* [What to produce]:
Please write the listing below out again exactly, leaving every picture behind.

* [Dataset excerpt]:
-- Opening Marker --

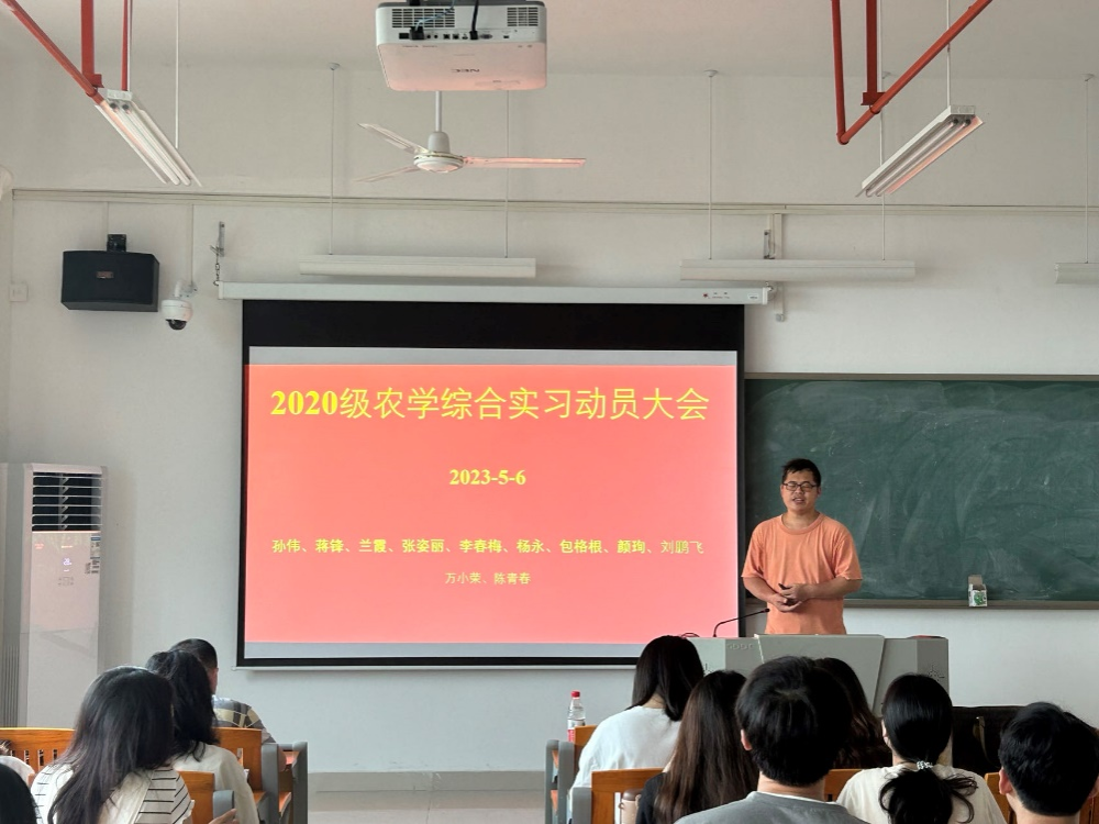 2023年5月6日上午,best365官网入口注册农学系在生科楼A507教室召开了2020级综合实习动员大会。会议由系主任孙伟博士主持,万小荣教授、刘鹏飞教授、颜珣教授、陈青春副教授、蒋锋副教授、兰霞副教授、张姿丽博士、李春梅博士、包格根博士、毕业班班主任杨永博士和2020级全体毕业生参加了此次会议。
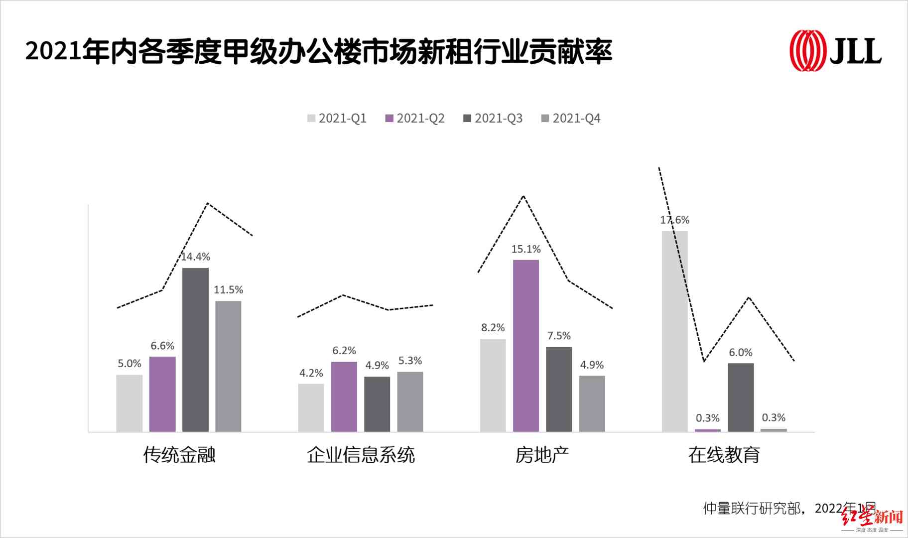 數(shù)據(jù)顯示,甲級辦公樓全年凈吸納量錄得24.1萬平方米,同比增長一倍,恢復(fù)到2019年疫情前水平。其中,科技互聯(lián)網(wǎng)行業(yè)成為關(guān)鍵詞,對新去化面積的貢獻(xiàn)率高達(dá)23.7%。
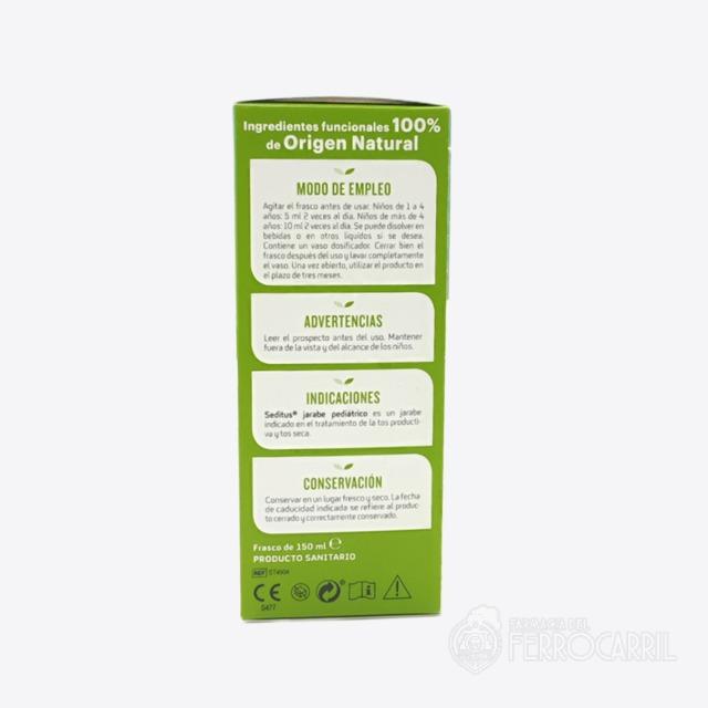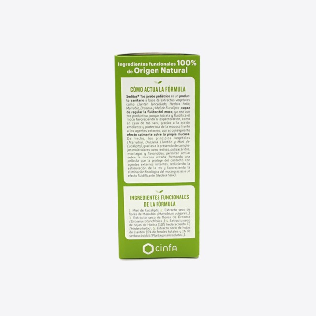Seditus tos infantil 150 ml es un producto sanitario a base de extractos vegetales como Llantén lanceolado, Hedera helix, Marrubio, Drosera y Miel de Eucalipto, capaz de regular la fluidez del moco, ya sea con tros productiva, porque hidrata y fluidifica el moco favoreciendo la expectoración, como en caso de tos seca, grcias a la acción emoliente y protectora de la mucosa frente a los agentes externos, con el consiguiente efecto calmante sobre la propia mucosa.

-- Closing Marker --

* [Your response]:
 2023年5月6日上午,best365官网入口注册农学系在生科楼A507教室召开了2020级综合实习动员大会。会议由系主任孙伟博士主持,万小荣教授、刘鹏飞教授、颜珣教授、陈青春副教授、蒋锋副教授、兰霞副教授、张姿丽博士、李春梅博士、包格根博士、毕业班班主任杨永博士和2020级全体毕业生参加了此次会议。
 數(shù)據(jù)顯示,甲級辦公樓全年凈吸納量錄得24.1萬平方米,同比增長一倍,恢復(fù)到2019年疫情前水平。其中,科技互聯(lián)網(wǎng)行業(yè)成為關(guān)鍵詞,對新去化面積的貢獻(xiàn)率高達(dá)23.7%。
Seditus tos infantil 150 ml es un producto sanitario a base de extractos vegetales como Llantén lanceolado, Hedera helix, Marrubio, Drosera y Miel de Eucalipto, capaz de regular la fluidez del moco, ya sea con tros productiva, porque hidrata y fluidifica el moco favoreciendo la expectoración, como en caso de tos seca, grcias a la acción emoliente y protectora de la mucosa frente a los agentes externos, con el consiguiente efecto calmante sobre la propia mucosa.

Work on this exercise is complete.